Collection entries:
■ ■ ■

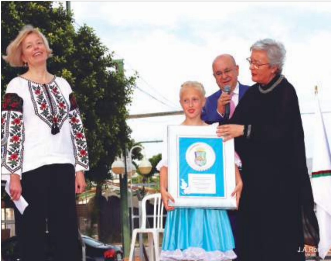
Entrega de un recuerdo al Consulado de Ucrania en Málaga.

• FEDERACIÓN MALAGUEÑA DE PEÑAS, CENTROS CULTURALES Y CASAS REGIONALES 'LA ALCAZABA'
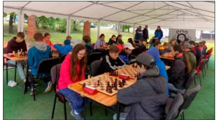
Open air turnaj mládeže před klubovnou.

Tento pozemek byl do roku 2017 dlouhá léta neudržovaný a zarostlý náletovými dřevinami. Díky tomu si zřejmě získal oblibu mezi místními bezdomovci a narkomany, po kterých zde zůstávaly použité injekční stříkačky a podobné nebezpečné věci. Vzhledem k těmto okolnostem jsme se před čtyřmi lety ve spolupráci s městem Jeseník a olomouckým arcibiskupstvím, kteří pozemky před klubovnou vlastní, rozhodli tento prostor vyčistit a zkulturnit. Chtěli jsme
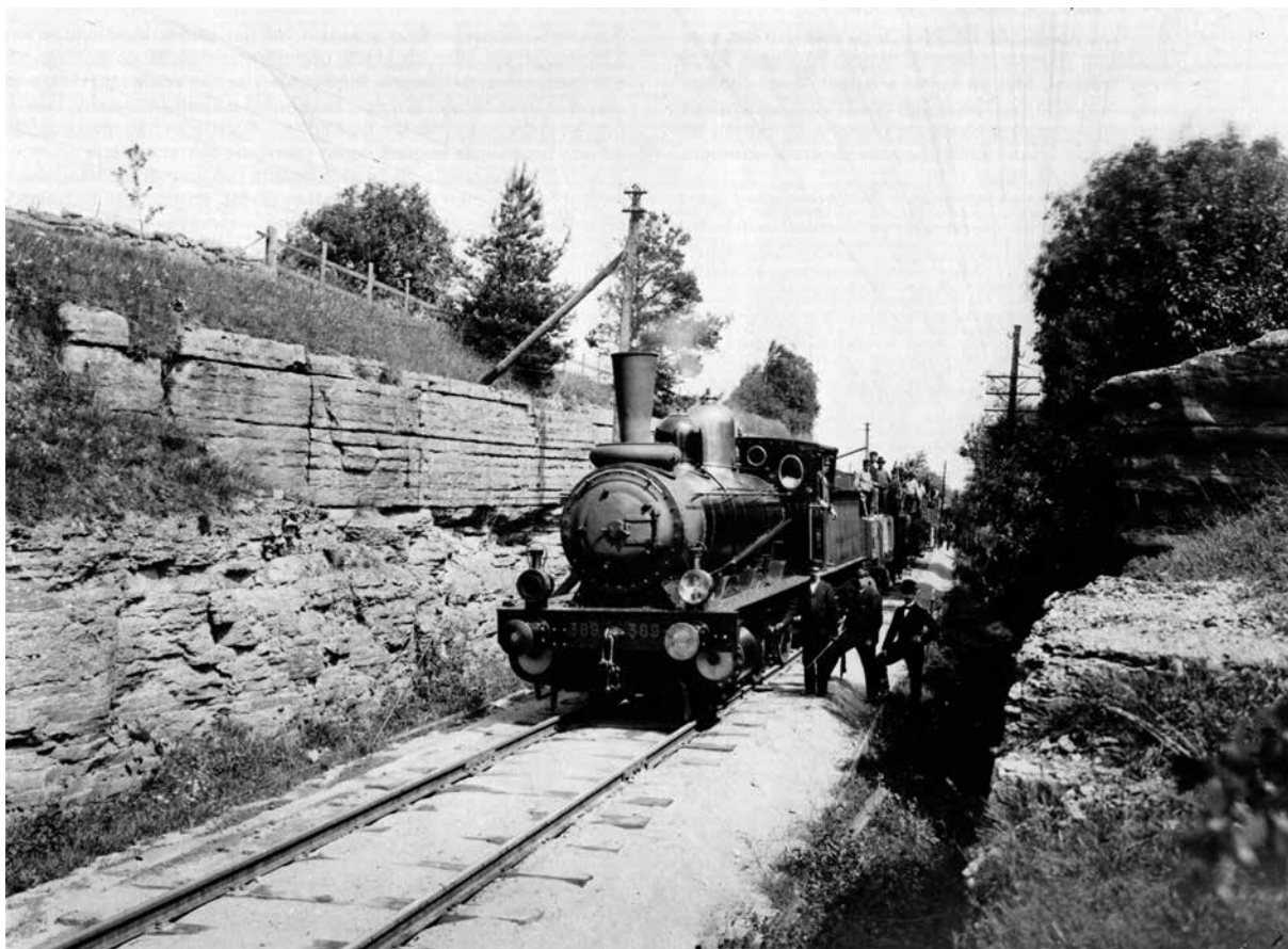
Ett tågfoto från 1903 i en "djup sprängning" mellan Skövde och Stenstorp på Västra stambanan. Söder om Skultorp byter man 1903 ut rälsen som lagts 1896. Då vi inte har något foto från kronprinsparets resa år 1881 så får detta foto ge en tidsbild från slutet av 1800-talet och början av 1900-talet. Fotograf är Karl Fredrik Andersson (1865–1949), en lokal bygdefotograf i Skaraborg. Innehavare av Firma Karl Fr. Andersson, etablerad 1895 i Skultorp. Verksam från samma år i denna ort med omnejd. Karl Fredrik Andersson har främst fotograferat folket i de små stugorna på landsbygden.

mitt för fruntimmersläktaren slog kronprinsessan ned ögonen troligen av blygsel öfver de många ögon som då rigtades på henne. Då de voro mitt för afstigningsplatsen stannade tåget på gifven signal. Dörren öppnades och nu steg kronprinsen ut ledande Kronprinsessan vid armen. Skövde arbetarförening viftade med hattarna samt uppstämde ett trefaldigt hurra då de gingo öfver plattformen. Då tåget blef synligt uppspelades folksången.
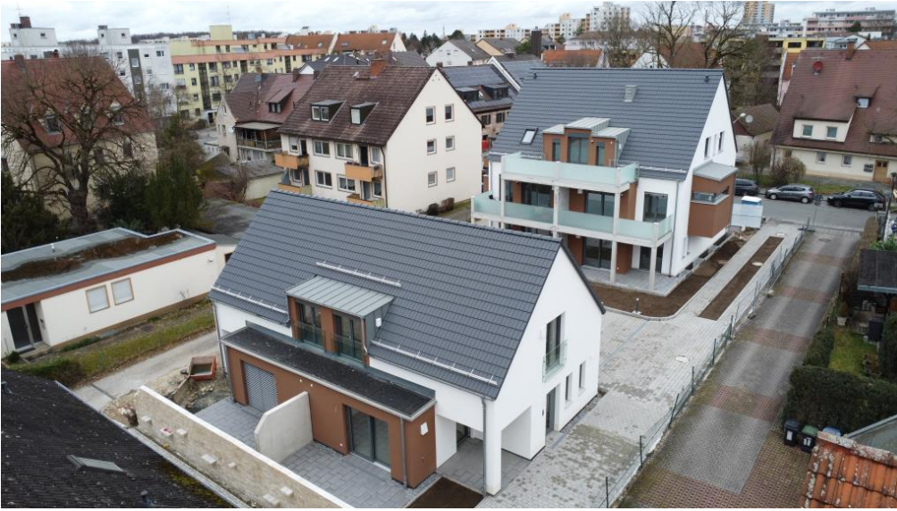
Attraktive, zeitlose Architektur
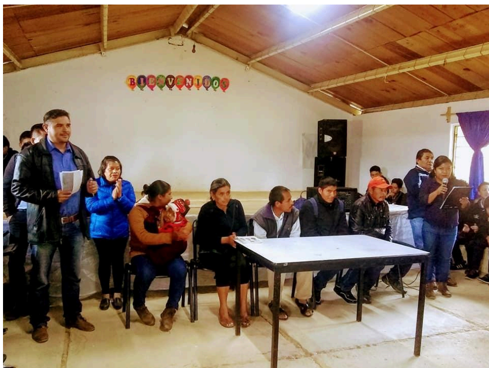
Directivos, comité de padres y del albergue dando bienvenida a alumnos. 12

prevención de embarazo en adolescentes y violencia en el noviazgo en el BIC.
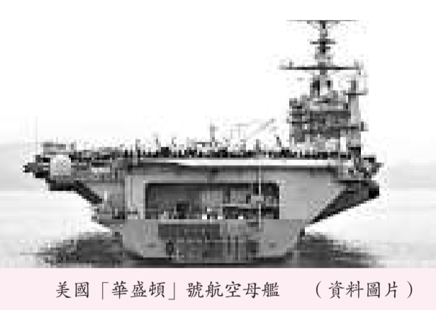
美國「華盛頓」號航空母艦 (資料圖片)

報道引述防衛省官員稱，二〇〇六年十月，中國傳統動力型核子攻擊潛艦曾在琉球海外海跟蹤「小鷹號」，並在約八公里的魚雷射程內浮上水面，這次中國潛艦也可能想展開類似的示威行動。
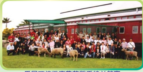
悉尼瑪拉樂嘉莊觀看綿羊競賽
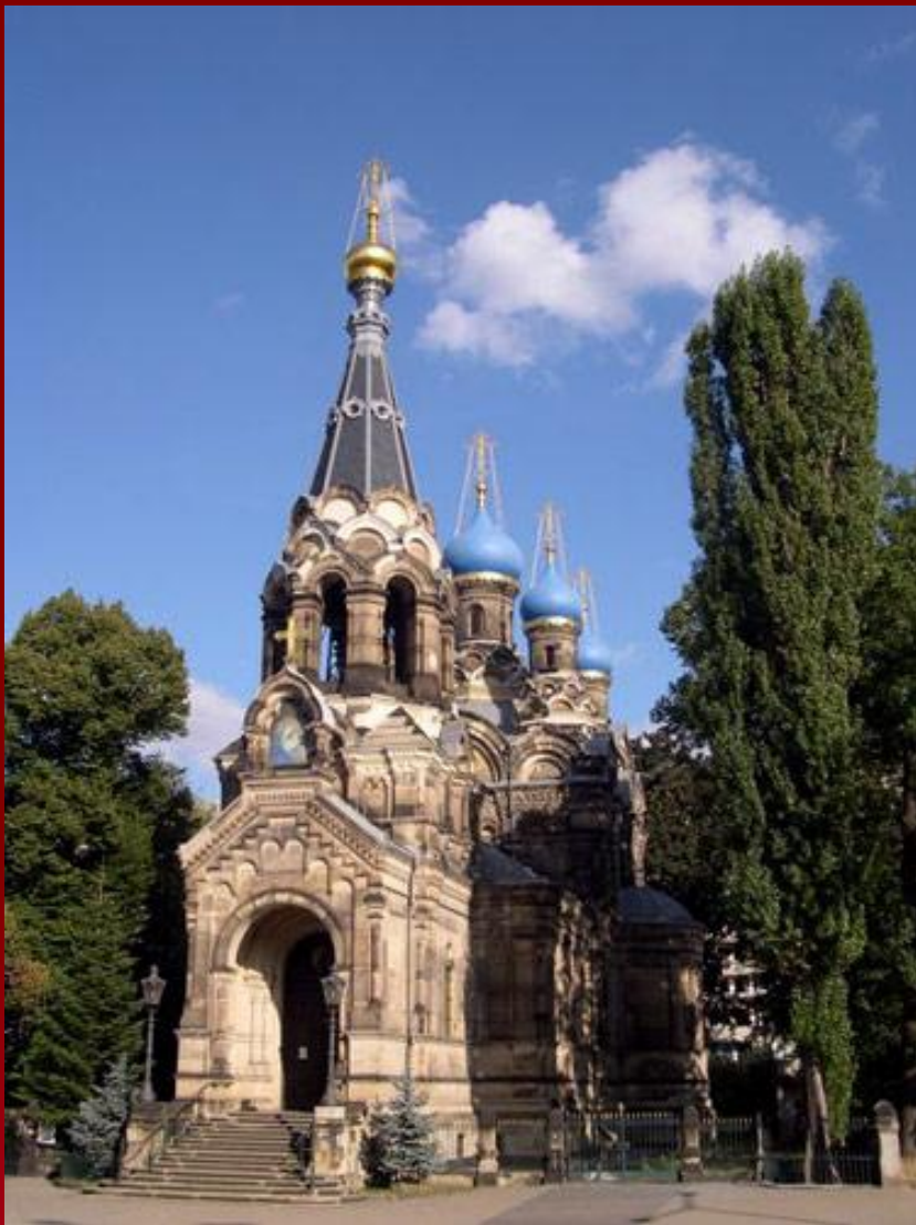
Русская церковь в Дрездене
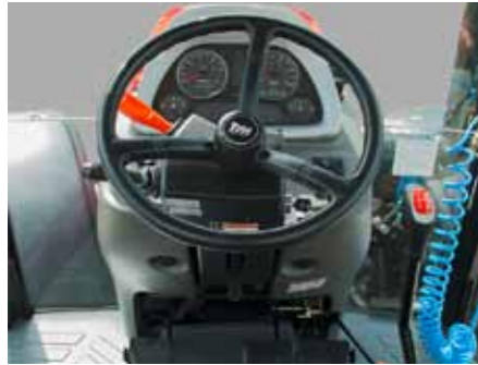
T854 • T954 • T1104
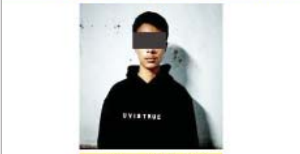
ထွန်စစ်မှူးလွင် (ခ) ထွန်စစ်

■ ■ ■

§ Directions for this task
Copy the data word for word, no pictures.

§ Answer area
Entrega de un recuerdo al Consulado de Ucrania en Málaga.

• FEDERACIÓN MALAGUEÑA DE PEÑAS, CENTROS CULTURALES Y CASAS REGIONALES 'LA ALCAZABA'
Open air turnaj mládeže před klubovnou.

Tento pozemek byl do roku 2017 dlouhá léta neudržovaný a zarostlý náletovými dřevinami. Díky tomu si zřejmě získal oblibu mezi místními bezdomovci a narkomany, po kterých zde zůstávaly použité injekční stříkačky a podobné nebezpečné věci. Vzhledem k těmto okolnostem jsme se před čtyřmi lety ve spolupráci s městem Jeseník a olomouckým arcibiskupstvím, kteří pozemky před klubovnou vlastní, rozhodli tento prostor vyčistit a zkulturnit. Chtěli jsme
Ett tågfoto från 1903 i en "djup sprängning" mellan Skövde och Stenstorp på Västra stambanan. Söder om Skultorp byter man 1903 ut rälsen som lagts 1896. Då vi inte har något foto från kronprinsparets resa år 1881 så får detta foto ge en tidsbild från slutet av 1800-talet och början av 1900-talet. Fotograf är Karl Fredrik Andersson (1865–1949), en lokal bygdefotograf i Skaraborg. Innehavare av Firma Karl Fr. Andersson, etablerad 1895 i Skultorp. Verksam från samma år i denna ort med omnejd. Karl Fredrik Andersson har främst fotograferat folket i de små stugorna på landsbygden.

mitt för fruntimmersläktaren slog kronprinsessan ned ögonen troligen av blygsel öfver de många ögon som då rigtades på henne. Då de voro mitt för afstigningsplatsen stannade tåget på gifven signal. Dörren öppnades och nu steg kronprinsen ut ledande Kronprinsessan vid armen. Skövde arbetarförening viftade med hattarna samt uppstämde ett trefaldigt hurra då de gingo öfver plattformen. Då tåget blef synligt uppspelades folksången.
Attraktive, zeitlose Architektur
Directivos, comité de padres y del albergue dando bienvenida a alumnos. 12

prevención de embarazo en adolescentes y violencia en el noviazgo en el BIC.
美國「華盛頓」號航空母艦 (資料圖片)

報道引述防衛省官員稱，二〇〇六年十月，中國傳統動力型核子攻擊潛艦曾在琉球海外海跟蹤「小鷹號」，並在約八公里的魚雷射程內浮上水面，這次中國潛艦也可能想展開類似的示威行動。
悉尼瑪拉樂嘉莊觀看綿羊競賽
Русская церковь в Дрездене
T854 • T954 • T1104
ထွန်စစ်မှူးလွင် (ခ) ထွန်စစ်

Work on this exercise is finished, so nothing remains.